The short answer is that they have magnesium incorporated into the wick. For a flame to exist, it needs oxygen, fuel and enough heat to keep combustion going once it starts. These requirements are sometimes represented graphically as the three sides of a ’fire triangle’.
How do regular Candles Work?
Candles really are an amazing lighting system -- the fuel itself is the package. There are two parts that work together in a candle:
The fuel, made of some sort of wax
The wick, made of some sort of absorbent twine
The wick needs to be naturally absorbent, like a towel, or it needs to have a strong capillary action (as in glass fiber wicks used in oil lamps). If you buy a length of un-waxed wick at a craft store and play with it, you will find that it feels like soft string and absorbs water very well.

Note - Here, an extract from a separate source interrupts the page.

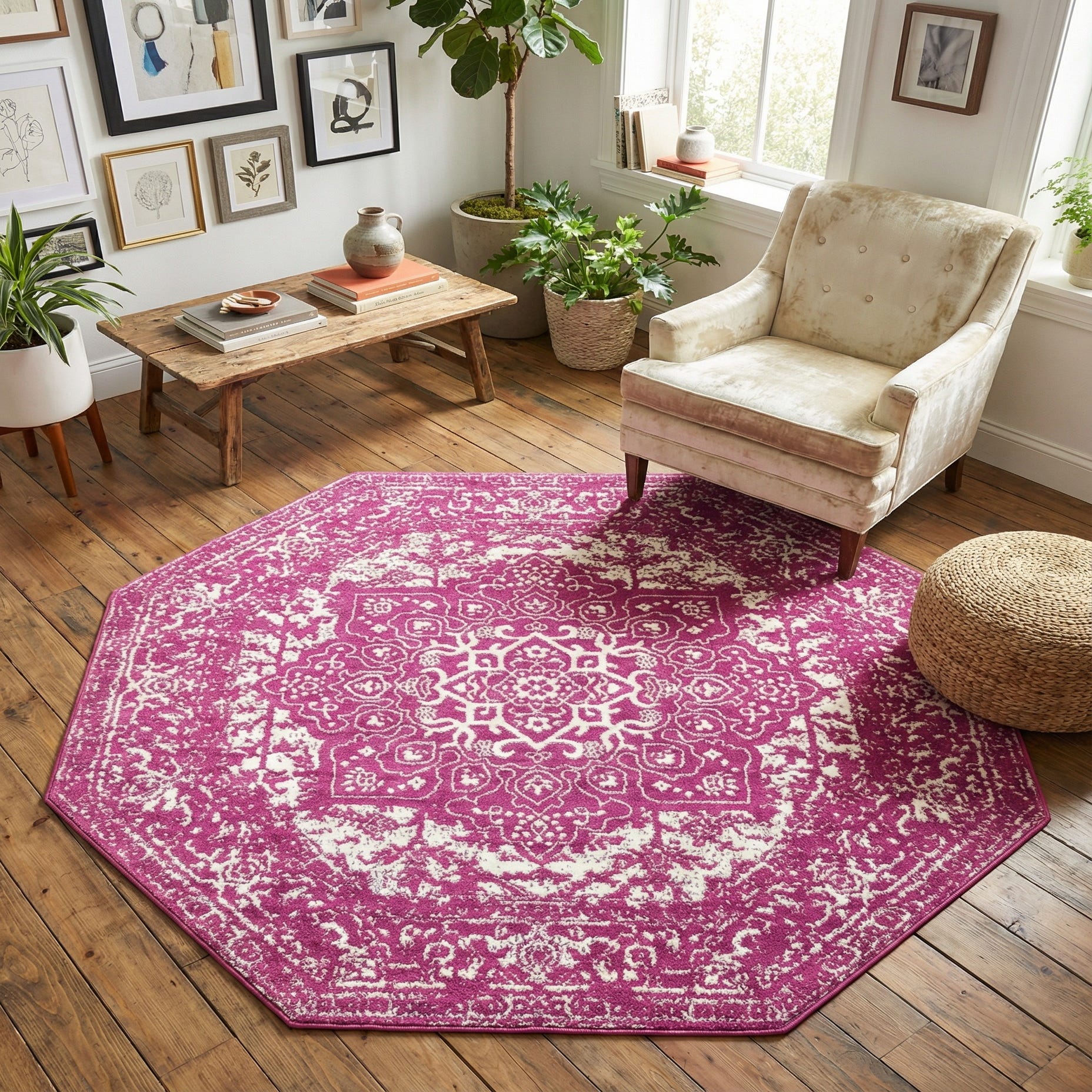 A rich purple field provides a striking backdrop for an ornate ivory medallion and scrolling border. The traditional, Persian-inspired pattern is given a distressed finish that softens the contrast and adds a lived-in character, while the octagonal silhouette gives the piece a distinctive, sculptural look. Intricate floral and geometric motifs sit layered within the central medallion, creating visual interest from every angle.

This absorbency is important in a candle because the wick needs to absorb liquid wax and move it upward while the candle is burning.
Trick Candles
When you blow out an ordinary candle, you extinguish the flame by removing heat. You can still see the fuel —- the wax smoke, often paraffin vapour — coming from the wick, but the ember in the wick does not supply enough heat to reignite it, and so it will eventually go out. But when the wick has magnesium powder in it, the ember is able to ignite the magnesium. This element catches fire at relatively low temperatures, below 500 °C, and this is enough to reignite the smoky fuel. The flame itself then burns at around 3000 °C.
If you look closely at one of these candles after you have apparently blown it out, you can see the smouldering wick emitting little sparks of burning magnesium before the candle relights.